Княжна действительно томится и увядает. Еще в детстве она слыхала, что одна из ее grandes-tantes, princesse Nina,[29] убежала с каким-то разносчиком; ей рассказывали об этой истории, comme d’une chose sans nom,[30] и даже, из боязни запачкать воображение княжны, не развивали всех подробностей, а выражались общими словами, что родственница ее сделала vilenie.[31] И вдруг та же самая vilenie повторяется на ней! Потому что ведь разносчик и Техоцкий – это, в сущности, одно и то же, потому что и папа удостоверяет, что чиновники, ma chère enfant, ce sont de ces gens, dont on ne parle pas.[32]
И между тем сердце говорит громче, нежели все доводы рассудка; сердце дрожит и сжимается, едва заслышит княжна звуки голоса Техоцкого, как дрожит и сжимается мышонок, завидев для себя неотразимую смерть в образе жирного, самодовольного кота.
И чем пленил он ее?
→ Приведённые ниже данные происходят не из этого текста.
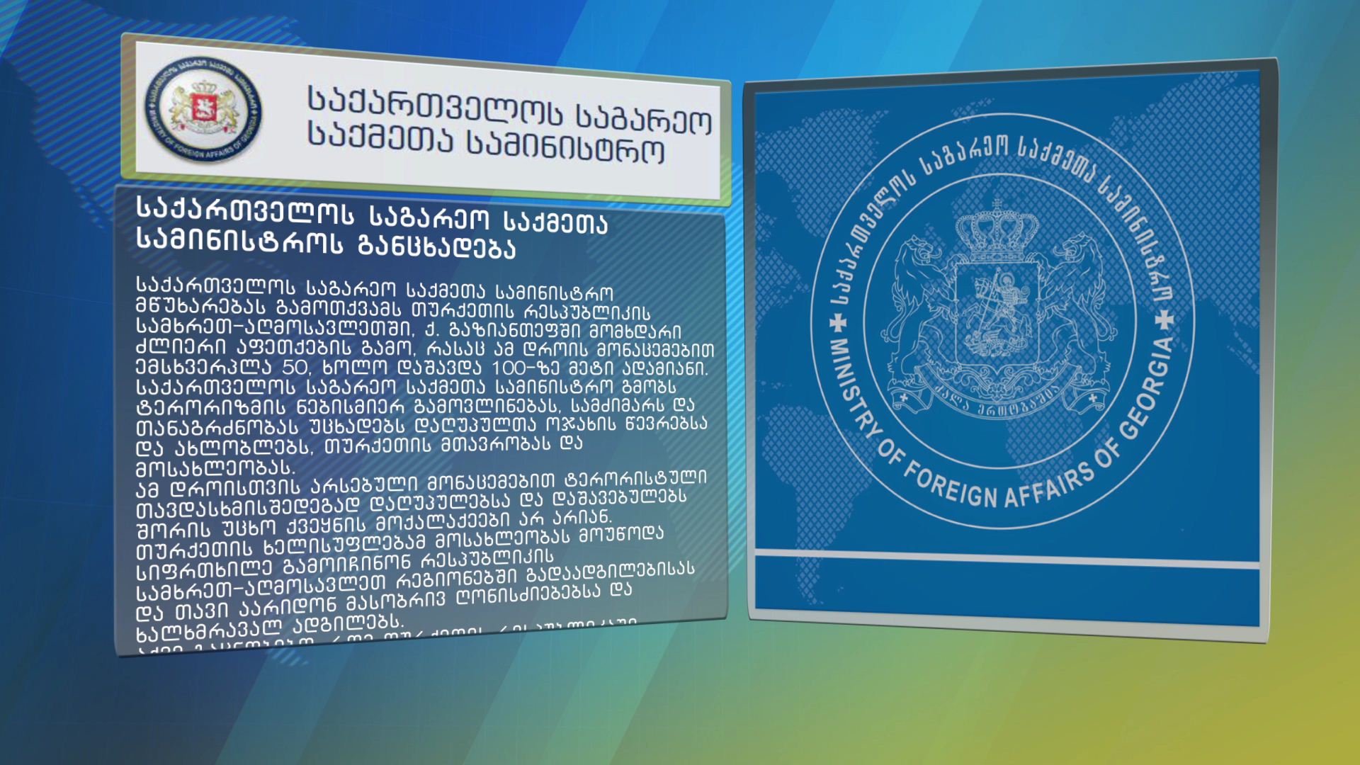 საქართველოს საგარეო საქმეთა სამინისტრო მწუხარებას გამოთქვამს თურქეთის ქალაქ გაზიანთეფში მომხდარი ძლიერი აფეთქების გამო. საგარეო უწყება ტერორიზმის ნებისმიერ გამოვლინებას გმობს და...

Что могло заставить ее, княжну, снизойти до бедного, никем не замечаемого чиновника? Рассудок отвечает, что всему виною праздность, полная бездеятельность души, тоска, тоска и тоска! Но почему же не Трясучкин, а именно Техоцкий дал сердцу ту пищу, которой оно жаждало! Княжна с ужасом должна сознаться, что тут существуют какие-то смутные расчеты, что она сама до такой степени embourbée, что даже это странное сборище людей, на которое всякая порядочная женщина должна смотреть совершенно бесстрастными глазами, перестает быть безразличным сбродом, и напротив того, в нем выясняются для нее совершенно определительные фигуры, между которыми она начинает уже различать красивых от уродов, глупых от умных, как будто не все они одни и те же – о, mon Dieu, mon Dieu![33]
И за всем тем княжна не может не принять в соображение и того обстоятельства, что ведь Техоцкий совсем даже не человек, что ему можно приказать любить себя, как можно приказать отнести письмо на почту.
Это для него все единственно-с.
В этой борьбе, в этих сомнениях проходит несколько месяцев. Техоцкий, благодаря новому положению, созданному для него княжной, новой паре платья, которую также княжна успела каким-то образом устроить для него на свой счет, втерся в высшее крутогорское общество. Он уже говорит о княжне без подобострастия, не называет ее „сиятельством“ и вообще ведет себя как джентльмен, который, по крутогорской пословице, „сальных свеч не ест, стеклом не закусывает“. Сама княжна, встречая его в обществе, помаленьку заговаривает с ним. Разговор их обыкновенно отличается простотою и несложностью.
– Читали вы Оссиана? – спрашивает княжна, которой внезапно припадает смертная охота сравнить себя с одною из туманных героинь этого барда.
Техоцкий краснеет и закусывает губы. Ему в первый раз в жизни приходится слышать об Оссиане.
– Вы прочтите, – говорит княжна, несколько раздосадованная, что разговор, обещавший сделаться интересным, погиб неестественною смертью.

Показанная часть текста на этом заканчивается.